Download or read book 1984 Civil Liberties and the National Security State written by United States. Congress. House. Committee on the Judiciary. Subcommittee on Courts, Civil Liberties, and the Administration of Justice and published by . This book was released on 1985 with total page 1280 pages. Available in PDF, EPUB and Kindle. Book excerpt:
Download or read book Bury the Dead Feed the Living written by Raymond Millen and published by . This book was released on 1919-02-06 with total page pages. Available in PDF, EPUB and Kindle. Book excerpt:
Download or read book Homage to Catalonia written by George Orwell and published by E-Kitap Projesi & Cheapest Books. This book was released on 2023-11-27 with total page 274 pages. Available in PDF, EPUB and Kindle. Book excerpt: Homage to Catalonia is George Orwell's personal account of his experiences and observations fighting for the POUM militia of the Republican army during the Spanish Civil War. The war was one of the defining events of his political outlook and a significant part of what led him to write in 1946, "Every line of serious work that I have written since 1936 has been written, directly or indirectly, against totalitarianism and for Democratic Socialism, as I understand it." The first edition was published in the United Kingdom in 1938. The book was not published in the United States until February 1952, when it appeared with an influential preface by Lionel Trilling.
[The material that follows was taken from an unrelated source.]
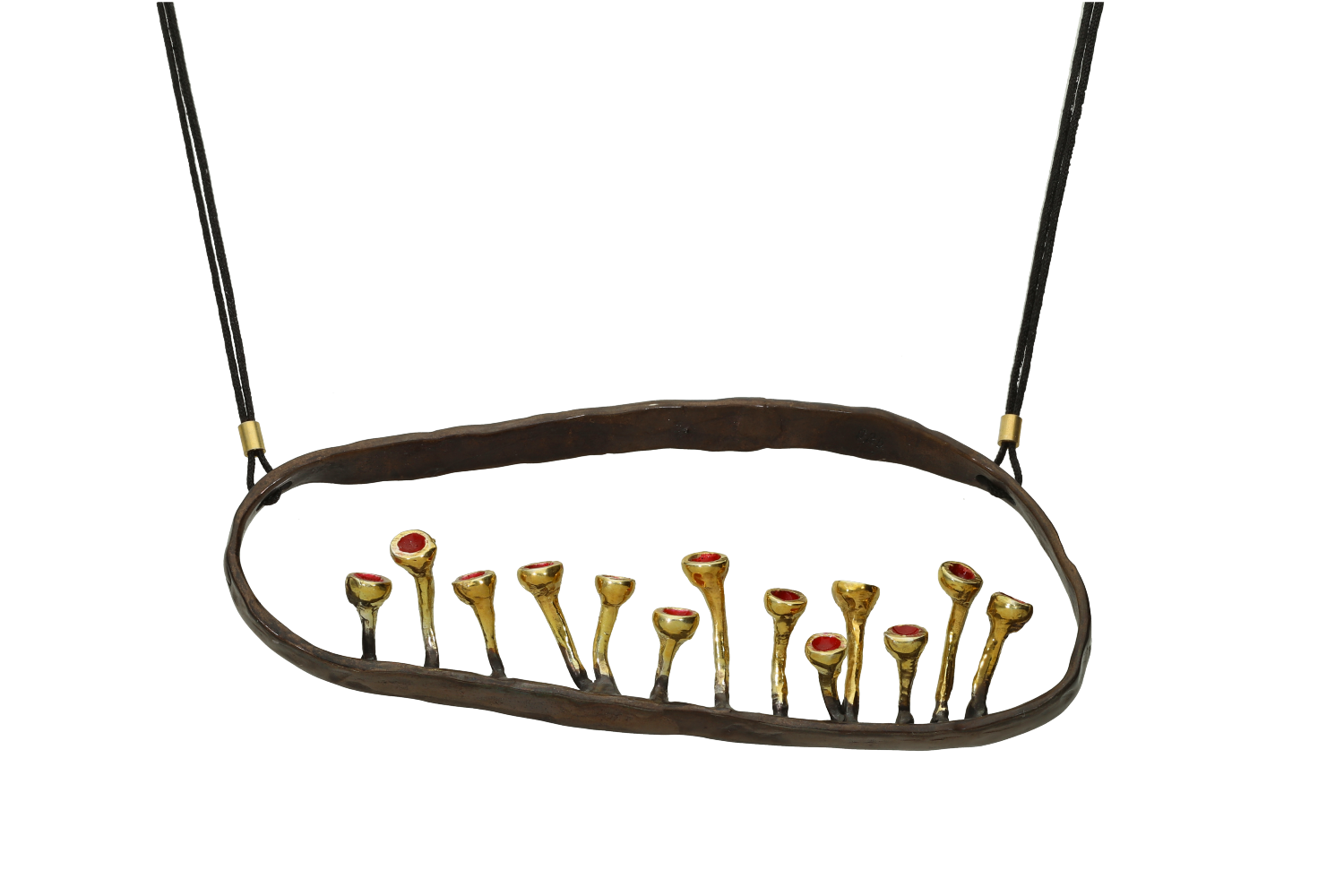 Κολιέ σε δίχρωμο ασήμι 925° μαυρισμένο έλασμα με επιχρυσωμένα μοτίφ

The only translation published in Orwell's lifetime was into Italian, in December 1948. A French translation by Yvonne Davet-with whom Orwell corresponded, commenting on her translation and providing explanatory notes-in 1938-39, was not published until five years after Orwell's death. Book Summary: Orwell served as a private, a corporal (cabo) and-when the informal command structure of the militia gave way to a conventional hierarchy in May 1937-as a lieutenant, on a provisional basis, in Catalonia and Aragon from December 1936 until June 1937. In June 1937, the leftist political party with whose militia he served (the POUM, the Workers' Party of Marxist Unification, an anti-Stalinist communist party) was declared an illegal organisation, and Orwell was consequently forced to flee. Having arrived in Barcelona on 26 December 1936, Orwell told John McNair, the Independent Labour Party's (ILP) representative there, that he had "come to Spain to join the militia to fight against Fascism." He also told McNair that "he would like to write about the situation and endeavour to stir working class opinion in Britain and France." McNair took him to the POUM barracks, where Orwell immediately enlisted. "Orwell did not know that two months before he arrived in Spain, the [Soviet law enforcement agency] NKVD's resident in Spain, Aleksandr Orlov, had assured NKVD Headquarters, 'the Trotskyist organisation POUM can easily be liquidated'-by those, the Communists, whom Orwell took to be allies in the fight against Franco."